--- The task ---
What you return should be every line below, word for word, and none of the images.

--- Data block ---

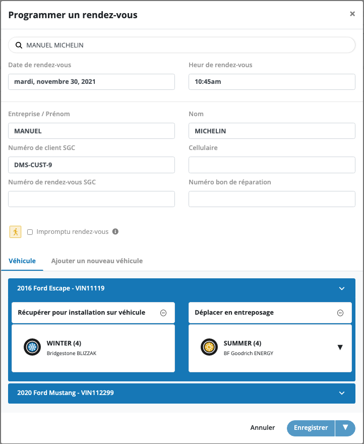 - Sélectionnez le véhicule du client.
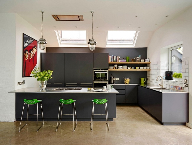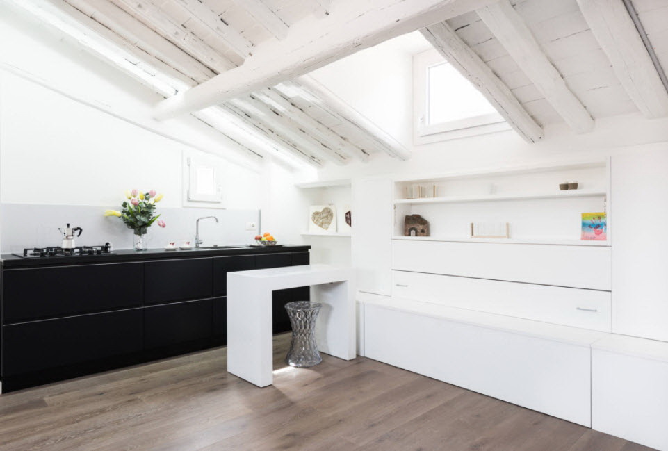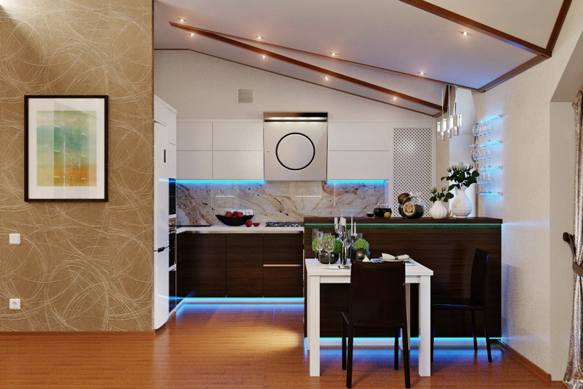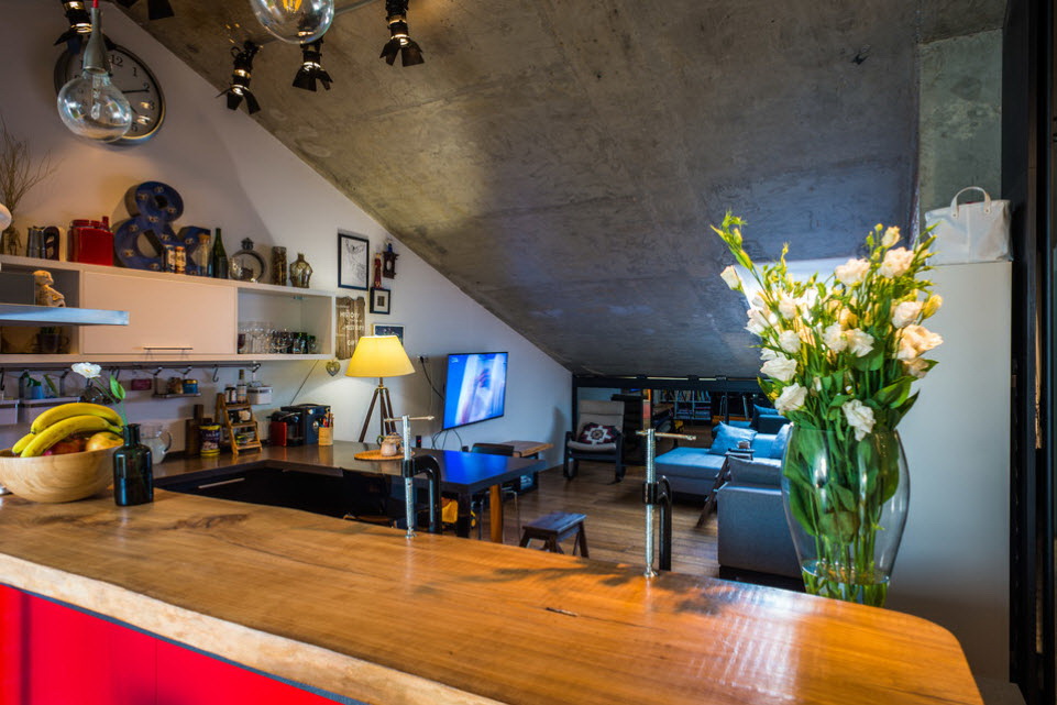 - Cozinha. Uma decisão bastante original, mas se você tem um lugar ruim nos andares inferiores, é bem possível. É necessário, naturalmente, suar, passar a água, e o teto deve ser alto para isso, mas nada é impossível. Móveis devem ser leves, geladeira também. O design geral é geralmente resiliente.
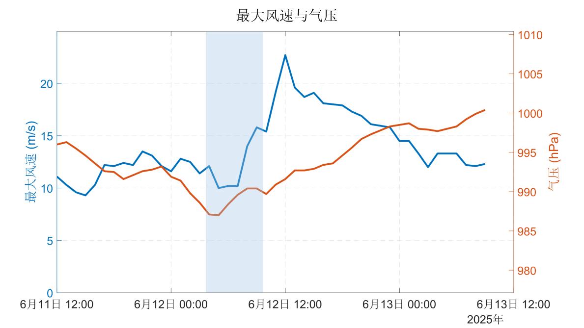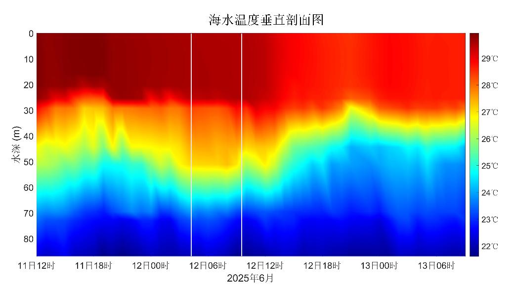 浮標此次捕獲的數據能夠有力支撐對臺風的氣象、水文、生態及上層海洋海流、溫鹽演變過程的分析6月12日6時左右,“蝴蝶”臺風中心抵達浮標所在海域,中心最低氣壓987hPa。過境后,風速急劇增大,浮標觀測到最大風速22.7m/s,最大波高7.8m。浮標剖面觀測數據顯示,受臺風影響,上層海洋混合加劇,水溫下降,鹽度降低,流速增強,混合層深度明顯加深。
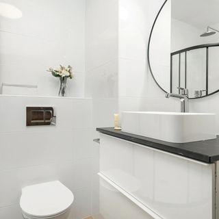 Prysznic, umywalka, lustro, ręczniki, pralka

--- Output below ---
 - Sélectionnez le véhicule du client.
 - Cozinha. Uma decisão bastante original, mas se você tem um lugar ruim nos andares inferiores, é bem possível. É necessário, naturalmente, suar, passar a água, e o teto deve ser alto para isso, mas nada é impossível. Móveis devem ser leves, geladeira também. O design geral é geralmente resiliente.
 浮標此次捕獲的數據能夠有力支撐對臺風的氣象、水文、生態及上層海洋海流、溫鹽演變過程的分析6月12日6時左右,“蝴蝶”臺風中心抵達浮標所在海域,中心最低氣壓987hPa。過境后,風速急劇增大,浮標觀測到最大風速22.7m/s,最大波高7.8m。浮標剖面觀測數據顯示,受臺風影響,上層海洋混合加劇,水溫下降,鹽度降低,流速增強,混合層深度明顯加深。
 Prysznic, umywalka, lustro, ręczniki, pralka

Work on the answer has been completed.